9 Şubat 2012 Perşembe

İyi mi Oldu Kötü mü Bilemedim

            Danışmanımla yaptığım görüşmeler sonucu beni “rahatlatan” bir gelişme oldu. Tezimin ilk bölümünü “cuma vermek zorunda” değilmişim. Böylelikle kendimi biraz daha yaydım.
            Yine de cumaya kadar belirli bir kısmı bitirmiş olmam gerek; çünkü danışmanımla görüşme var ve cuma vermeyeceğim o ilk bölümü pazartesi ya da salı vermeliyim. Ben demiyorum, onu da danışman dedi.
            Bu süre uzadı iyi oldu, kafam rahat; ancak 2. bölümün süresinden yiyorum bu ayrı. 3-4 günlük stresi de 1 haftaya yaydım o daha da ayrı.
            En çok neye sevindim; yeni çalışmaya başladığım “esnek” danışmanıma… Umarım son güne kadar telefondaki son konuşmamız kadar esnek olur kendisi…

6 Şubat 2012 Pazartesi

Tezim için Sponsor Arıyorum

            Çok şey mi istiyorum? İsteyenin bir yüzü…
            Sponsor derken kırtasiye masraflarını kastetmiyorum. Gerçi o da olsa iyi olur. Hala bir yazıcım yok mesela. Elektronik marketlerdeki indirimleri takip etmekten helak oldum. Daha bunun fotokopisi var çıktısı var. Tezi yarılasam çıktıya doyarım.
            Yazıcıdan öte sürekli yiyip içiyorum. Özelikle kahve… Bir Starbucks bir Kahve Dünyası artık sesimi duysun istiyorum. Starbucks geceleri çalışırken aniden kapımı çalsa… Kahvemi alsam masamın başına geçsem, sabahtan Kahve Dünyası’nın göndermiş olduğu çikolata kutusunu açsam… Tezimi yazarken daha verimli, dönem sonunda da daha başarılı olmaz mıyım?
            Bunun dışında Jelibon ve Haribo’dan da beklentim var. Çok bir şey değil, her üründen birer paketlik bir koli yapsalar tezimi bitirene kadar yeter. Zaten tatlıyla çok arası olan biri de değilim.  
            Ben isteklerimi yazdım. Şu “ağlar” içinde su misali, dileğimi atmışım da belki olur, diye,  bekliyorum…

4 Şubat 2012 Cumartesi

Kara Kışın Tezime Etkisi!

           Kara kışın tezime doğrudan etkisi benim üşümekten kendimi eve kapatmamdan başka bir şey değildir.
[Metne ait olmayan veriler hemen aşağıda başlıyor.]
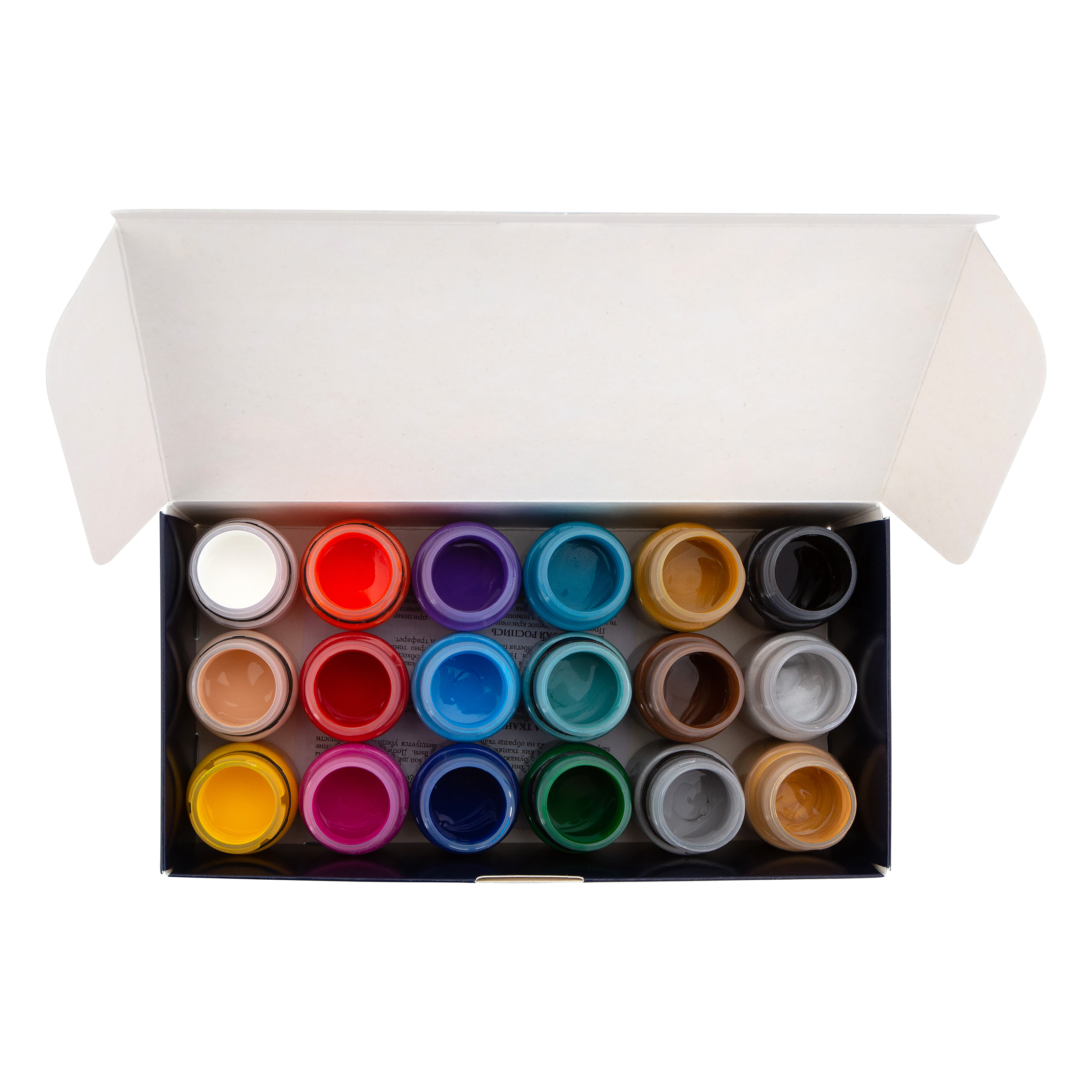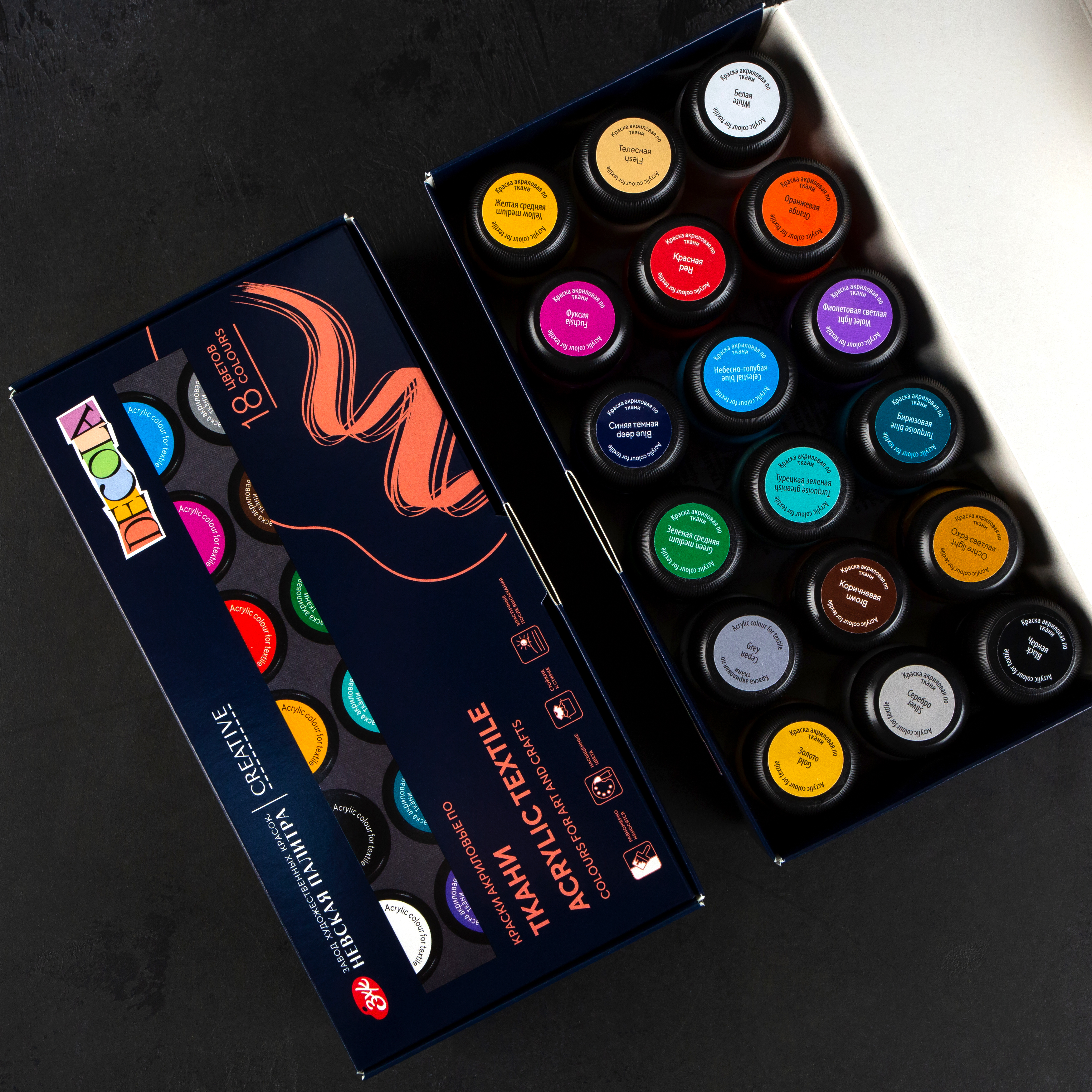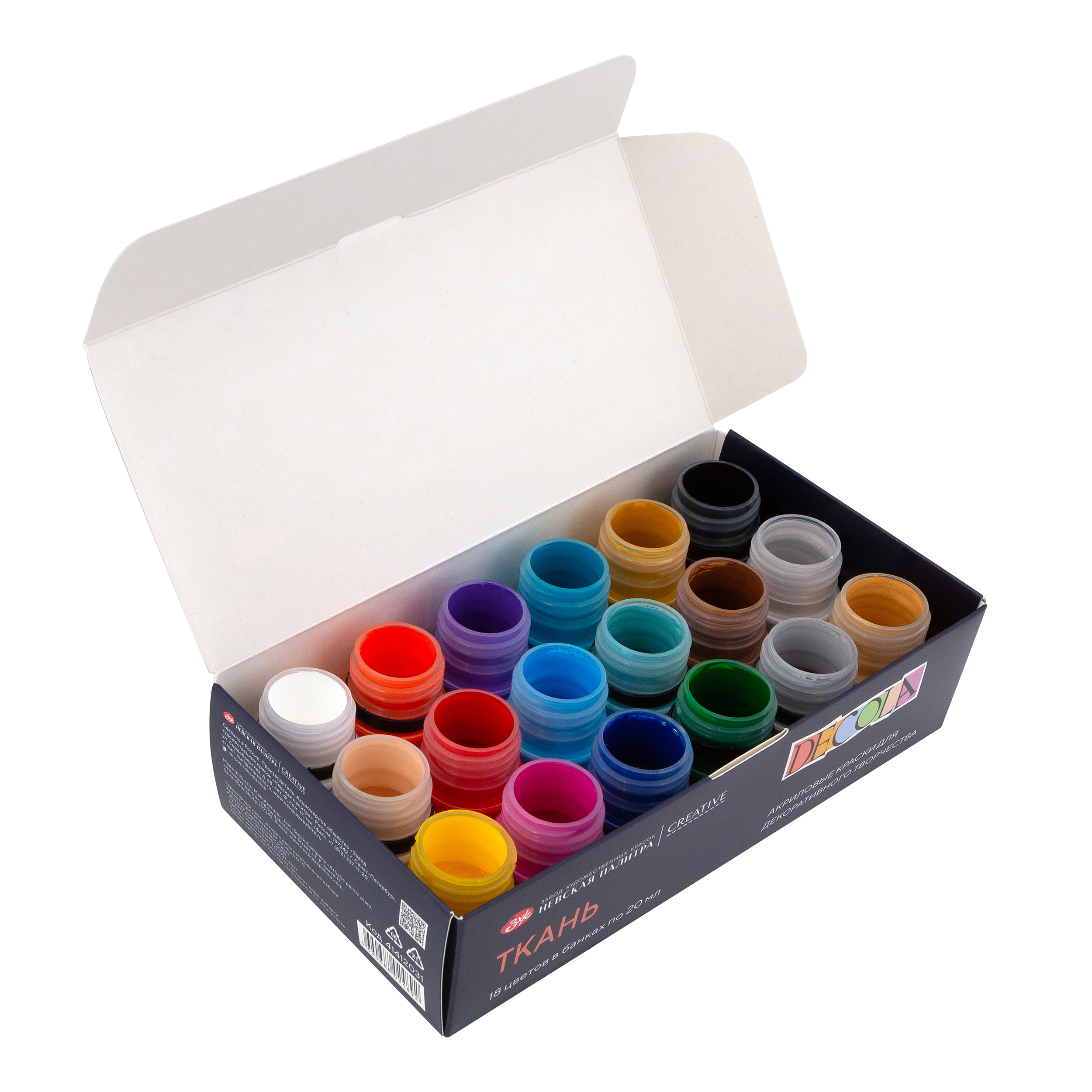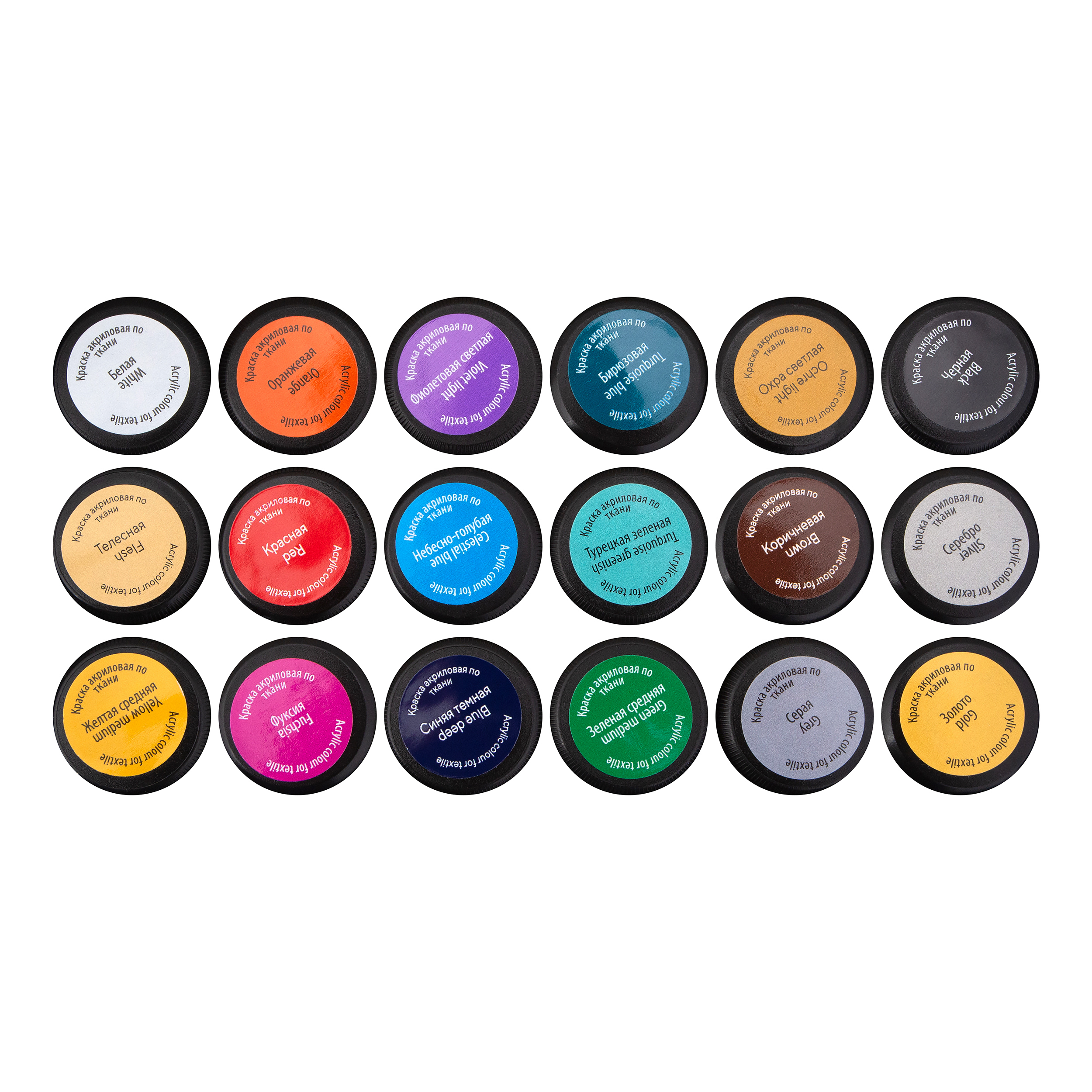 Набор акриловых красок по ткани 18 цветов в банках 20 мл.

Eve kapanmakla kalmadım, salona taşındım. Annem, babam, kardeşim ve sesi sonuna kadar açılmış televizyonla birlikte tezimi yazmaya çalıştım. Pek beceremedim; ama olsun, en azından üşümedim. Üşümemiş olmam ileriki günlerde hasta olup yatmamı, tezimden uzak kalmamı engelledi, diye bir teselli bulabilirim belki…
            Soğuktan çok tezin, bedenime ve zihnime etkisi daha fazla. Son on gündür söyleneni algılamamda gecikme yaşamakta ve bir nesneyi sanki “her zamanki yerine” koyuyormuşum gibi davranışlar göstermekteyim. Daha geçen hafta saklama kabına yerleştirdiğim maydanozları buzdolabının üstüne koydum. Evet, dolabın en üstüne… Sözde “annem bunları dışarıda unutmuş” diyerekten hayırlı bir işe vesile olmak istedim. Ertesi gün annem ararken bulmuş. Daha dün meyve tabağını önüme alıp bir meyveyi soydum ve evdekilere tek tek “yer misin” diye sordum. O an arkası bana dönük olan kardeşim “ne o” diye sordu. Düşünmeye başladım, 10 saniye kadar sonra babam cevapladı “greyfurt”!
            Bu hayırlı gecede, havaların, klavyede parmaklarım donmayacak; ama bir o kadar da içimde sokaklarda gezme isteği uyandırmayacak kadar ısınmasını istiyor; aklımın ve fikrimin yerine gelmesini istiyorum.